Jetzt, wo diese Veränderungen bald abgeschlossen sind – was sind denn Ihre langfristigen Ziele für die Armaturenproduktion?

Das Ziel ist natürlich, zukunftsfähig aufgestellt zu sein, sprich, die Strukturkosten im Werk zu senken, aber trotzdem flexibel zu bleiben, was den Produktmix anbelangt. Um auch weiterhin auf geänderte Marktsituationen reagieren zu können. Und das ist enorm wichtig: Seit Mitte letzten Jahres haben wir eine hohe Auslastungswelle für Armaturen aus dem Energiesektor. Das war vor zwei Jahren so nicht abzusehen und geplant. Aber auch darauf können wir reagieren. Wir haben weiterhin ausreichend Maschinenkapazität und sind dabei, mit dem Personal wieder etwas nachzuziehen. Auch gilt es, unsere Kompetenzen bezüglich Schweißtechnik, Sondermaterialien und kundenspezifischer Qualifizierungs- und Dokumentationsanforderungen aufrechtzuerhalten und weiterzuentwickeln. Dies wird uns Chancen hinsichtlich neuer, anspruchsvoller Anwendungen wie zum Beispiel Energiespeicherung oder Hochtemperaturelektrolyse eröffnen.

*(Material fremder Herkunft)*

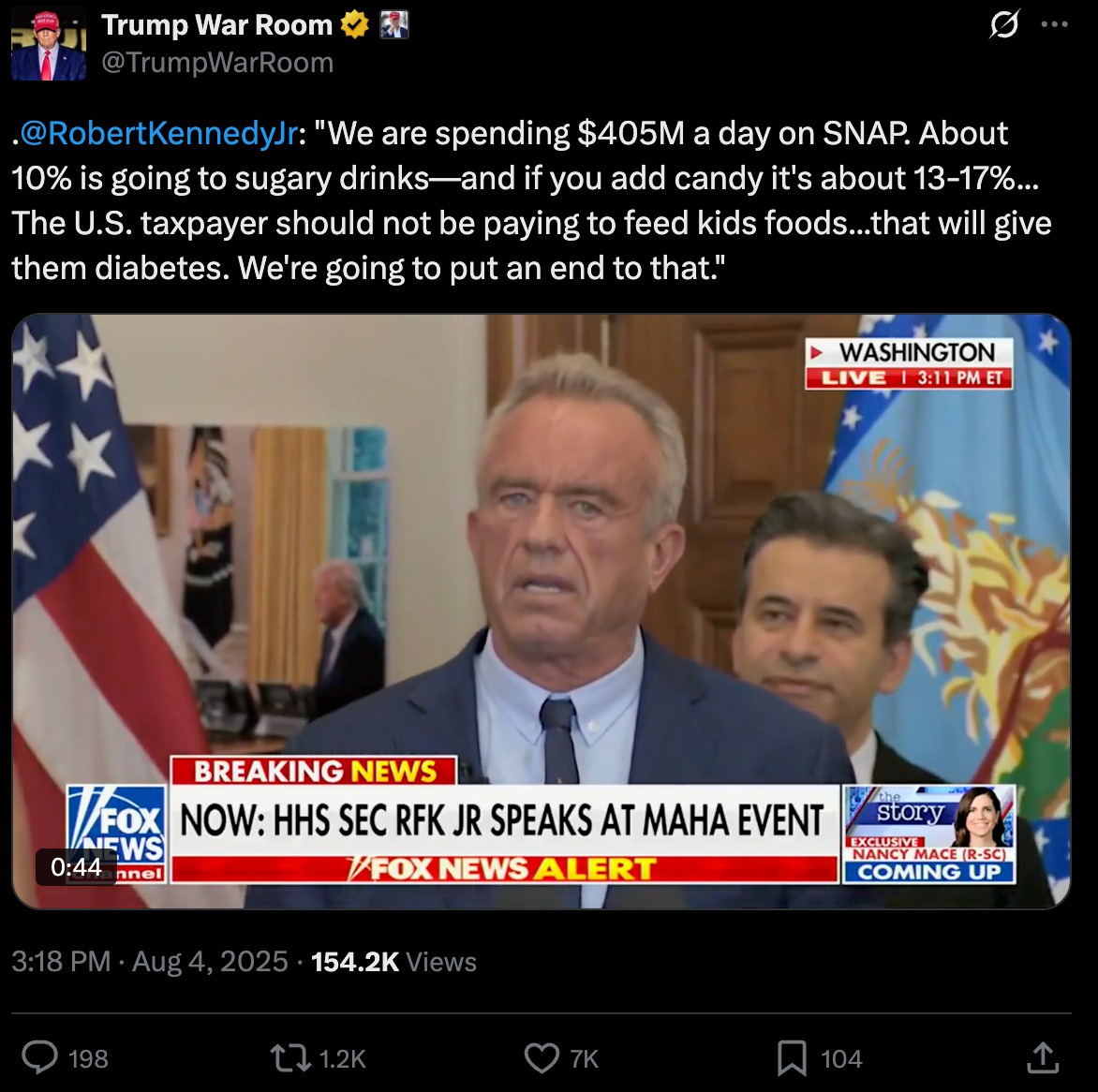 RFK Jr.: Taxpayers Should Not Be Paying for ‘Foods That Are the Gift of Diabetes’

Was wäre Ihr Rat an Führungskräfte, die Veränderungen gestalten müssen?

Ganz wichtig ist, von Anfang an die Mitarbeiter mitzunehmen, das Konzept zu erläutern und, wenn möglich, sie mitgestalten zu lassen. In den Workshops, an denen die Mitarbeiter beteiligt waren, kamen so viele Ideen. Ich war total begeistert und fasziniert. Wir haben uns im Team gegenseitig inspiriert und tolle Ideen entwickelt. Wenn der eine mal dachte: „Das wird nie klappen“, hatte der andere eine Idee, wie man das Problem lösen könnte. Die meisten unserer Mitarbeiter sind sehr stolz auf die KSB und gestalten gerne mit, wenn sie die Möglichkeit dazu haben. Sie sind ja diejenigen, die die Produkte produzieren, die wir verkaufen – das dürfen wir nicht vergessen.